Thread: char(n) to varchar or text conversion should strip trailing spaces

char(n) to varchar or text conversion should strip trailing spaces

From
Tom Lane
Date:
I've gotten really tired of explaining to newbies why stuff involving
char(n) fields doesn't work like they expect.  Our current behavior is
not valid per SQL92 anyway, I believe.

I think there is a pretty simple solution now that we have pg_cast:
we could stop treating char(n) as binary-equivalent to varchar/text,
and instead define it as requiring a runtime conversion (which would
be essentially the rtrim() function).  The cast in the other direction
would be assignment-only, so that any expression that involves mixed
char(n) and varchar/text operations would be evaluated in varchar
rules after stripping char's insignificant trailing blanks.

If we did this, then operations like    WHERE UPPER(charcolumn) = 'FOO'
would work as a newbie expects.  I believe that we'd come a lot closer
to spec compliance on the behavior of char(n), too.

Comments?
        regards, tom lane


Re: char(n) to varchar or text conversion should strip trailing spaces

From
"Zeugswetter Andreas SB SD"
Date:
> I've gotten really tired of explaining to newbies why stuff involving
> char(n) fields doesn't work like they expect.  Our current behavior is
> not valid per SQL92 anyway, I believe.
>
> I think there is a pretty simple solution now that we have pg_cast:
> we could stop treating char(n) as binary-equivalent to varchar/text,
> and instead define it as requiring a runtime conversion (which would
> be essentially the rtrim() function).  The cast in the other direction
> would be assignment-only, so that any expression that involves mixed
> char(n) and varchar/text operations would be evaluated in varchar
> rules after stripping char's insignificant trailing blanks.
>
> If we did this, then operations like
>         WHERE UPPER(charcolumn) = 'FOO'
> would work as a newbie expects.  I believe that we'd come a lot closer
> to spec compliance on the behavior of char(n), too.

I am all for it.

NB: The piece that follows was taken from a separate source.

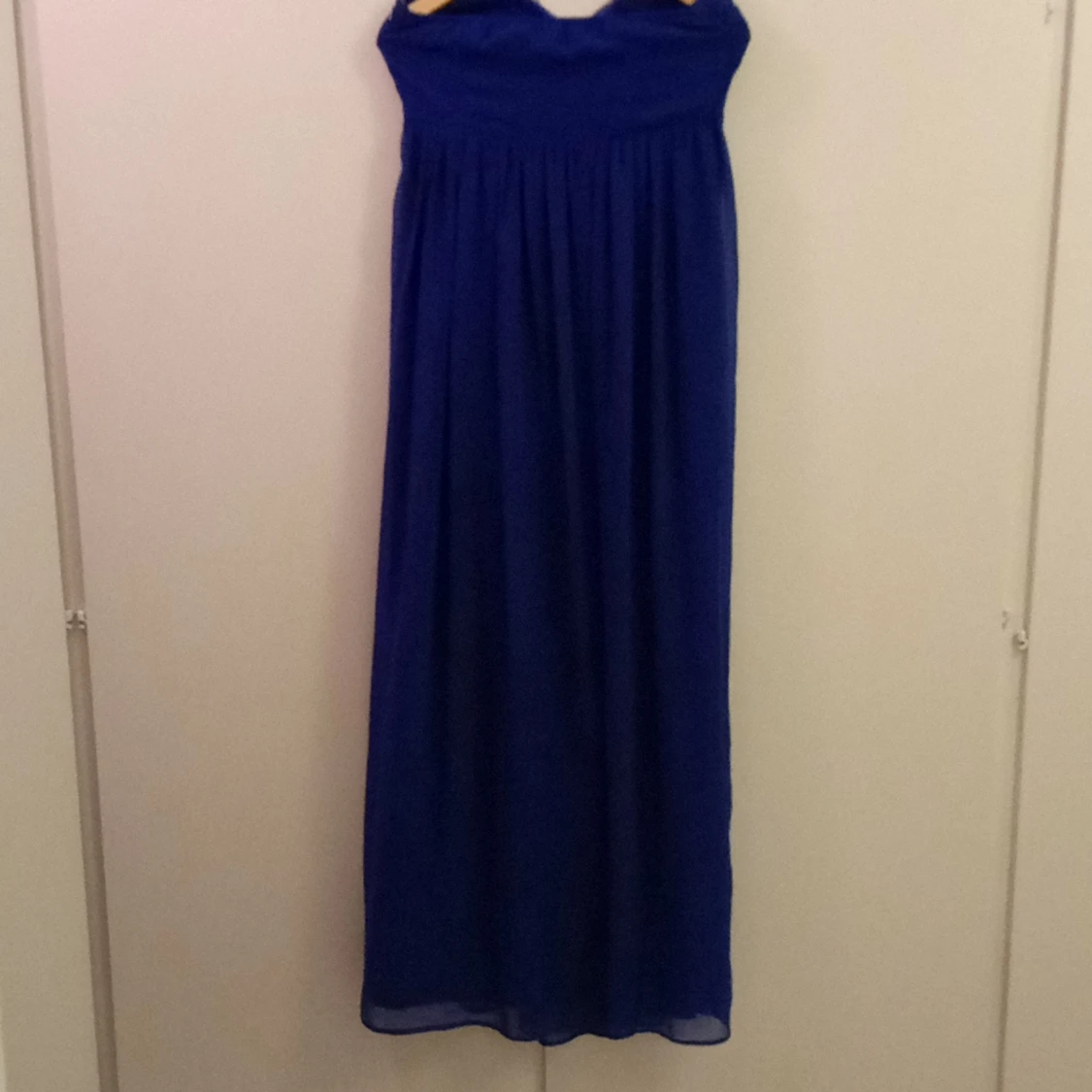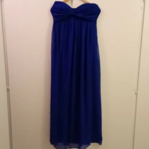 Mörkblå oarmad klänning som passar till fester helt ny nästan oanvänd otvättad. Skriv om intresse.

That would much more closely match what I would expect.

One alternate possible approach would maybe be to change the on-disk
representation to really be binary compatible and change the input
output and operator functions ? IIRC fixed width optimizations do not gain as
much as in earlier versions anyway. Then char(n) would have the benefit of
beeing trailing blank insensitive and having the optimal storage format.

Andreas


Re: char(n) to varchar or text conversion should strip trailing spaces

From
Tom Lane
Date:
"Zeugswetter Andreas SB SD" <ZeugswetterA@spardat.at> writes:
> One alternate possible approach would maybe be to change the on-disk
> representation to really be binary compatible and change the input 
> output and operator functions ?

Hmm ... now that's an interesting thought.  So the input converter would
actively strip trailing blanks, output would add them back, and only in
a few char(n)-specific functions would we need to pretend they are there.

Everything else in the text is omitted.